___ RECORDS SHOWN ___

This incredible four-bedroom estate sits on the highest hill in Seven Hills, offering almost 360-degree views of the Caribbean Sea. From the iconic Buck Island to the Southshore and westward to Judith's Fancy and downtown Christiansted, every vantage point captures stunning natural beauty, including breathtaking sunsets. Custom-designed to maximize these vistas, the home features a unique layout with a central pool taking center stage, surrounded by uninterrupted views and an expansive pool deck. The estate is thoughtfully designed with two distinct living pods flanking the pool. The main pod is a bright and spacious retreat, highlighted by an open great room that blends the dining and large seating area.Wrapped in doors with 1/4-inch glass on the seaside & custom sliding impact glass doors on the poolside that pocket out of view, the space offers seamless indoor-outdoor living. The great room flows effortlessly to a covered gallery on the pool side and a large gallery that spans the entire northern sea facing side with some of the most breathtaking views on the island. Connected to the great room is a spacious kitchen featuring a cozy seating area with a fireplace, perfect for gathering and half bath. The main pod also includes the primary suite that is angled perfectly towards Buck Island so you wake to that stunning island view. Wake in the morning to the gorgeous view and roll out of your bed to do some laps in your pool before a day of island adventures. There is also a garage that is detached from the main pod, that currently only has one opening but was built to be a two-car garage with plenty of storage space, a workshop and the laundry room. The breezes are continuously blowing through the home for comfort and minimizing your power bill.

___
___ RECORDS SHOWN ___

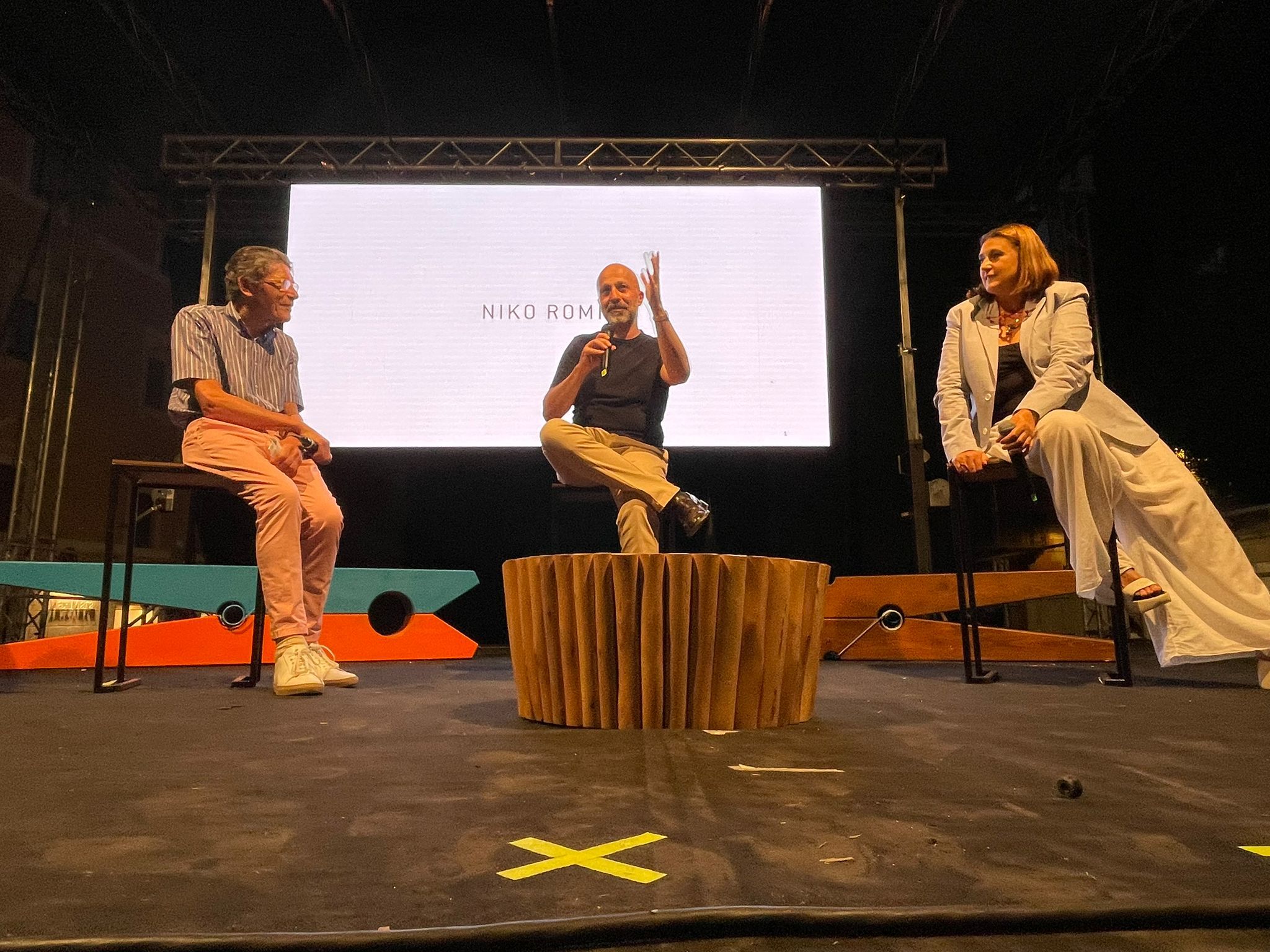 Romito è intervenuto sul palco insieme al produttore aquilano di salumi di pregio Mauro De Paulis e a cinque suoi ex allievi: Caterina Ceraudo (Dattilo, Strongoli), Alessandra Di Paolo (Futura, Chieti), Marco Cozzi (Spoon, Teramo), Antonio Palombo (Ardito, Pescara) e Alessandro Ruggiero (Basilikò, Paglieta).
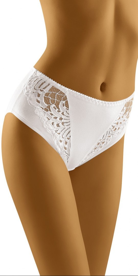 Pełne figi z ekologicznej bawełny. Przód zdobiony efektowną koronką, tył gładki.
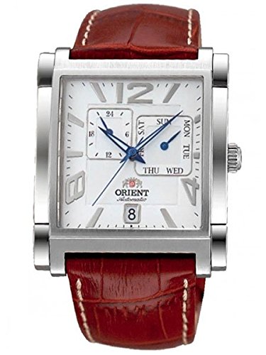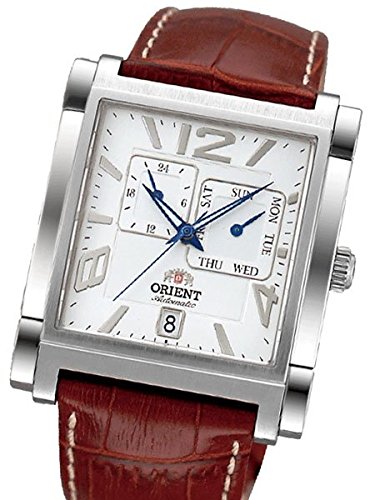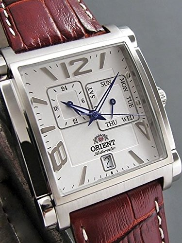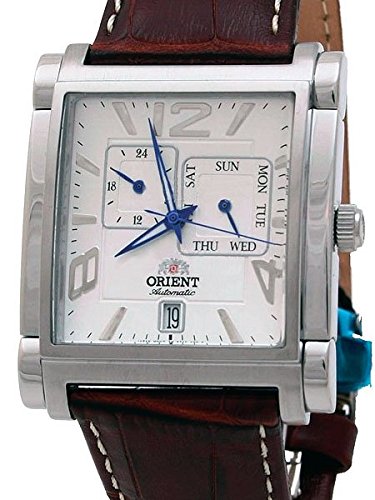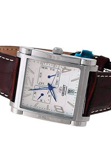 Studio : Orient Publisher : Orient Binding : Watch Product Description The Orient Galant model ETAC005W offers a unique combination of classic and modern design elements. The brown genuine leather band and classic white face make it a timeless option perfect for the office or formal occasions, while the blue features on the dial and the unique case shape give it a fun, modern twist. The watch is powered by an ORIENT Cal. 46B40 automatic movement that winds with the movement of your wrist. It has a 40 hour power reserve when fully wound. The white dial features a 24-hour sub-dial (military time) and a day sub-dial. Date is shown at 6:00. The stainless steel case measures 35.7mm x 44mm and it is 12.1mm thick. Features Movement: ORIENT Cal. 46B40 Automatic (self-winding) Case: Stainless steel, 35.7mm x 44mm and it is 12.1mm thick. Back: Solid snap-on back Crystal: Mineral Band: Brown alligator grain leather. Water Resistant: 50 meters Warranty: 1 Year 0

___

● TASK TO CARRY OUT: Look above for the line with "Pełne figi z" and the line with "Studio : Orient"; set down those two lines and all lines between them exactly, without pictures and without anything else.

● ANSWER SPACE:
 Pełne figi z ekologicznej bawełny. Przód zdobiony efektowną koronką, tył gładki.
 Studio : Orient Publisher : Orient Binding : Watch Product Description The Orient Galant model ETAC005W offers a unique combination of classic and modern design elements. The brown genuine leather band and classic white face make it a timeless option perfect for the office or formal occasions, while the blue features on the dial and the unique case shape give it a fun, modern twist. The watch is powered by an ORIENT Cal. 46B40 automatic movement that winds with the movement of your wrist. It has a 40 hour power reserve when fully wound. The white dial features a 24-hour sub-dial (military time) and a day sub-dial. Date is shown at 6:00. The stainless steel case measures 35.7mm x 44mm and it is 12.1mm thick. Features Movement: ORIENT Cal. 46B40 Automatic (self-winding) Case: Stainless steel, 35.7mm x 44mm and it is 12.1mm thick. Back: Solid snap-on back Crystal: Mineral Band: Brown alligator grain leather. Water Resistant: 50 meters Warranty: 1 Year 0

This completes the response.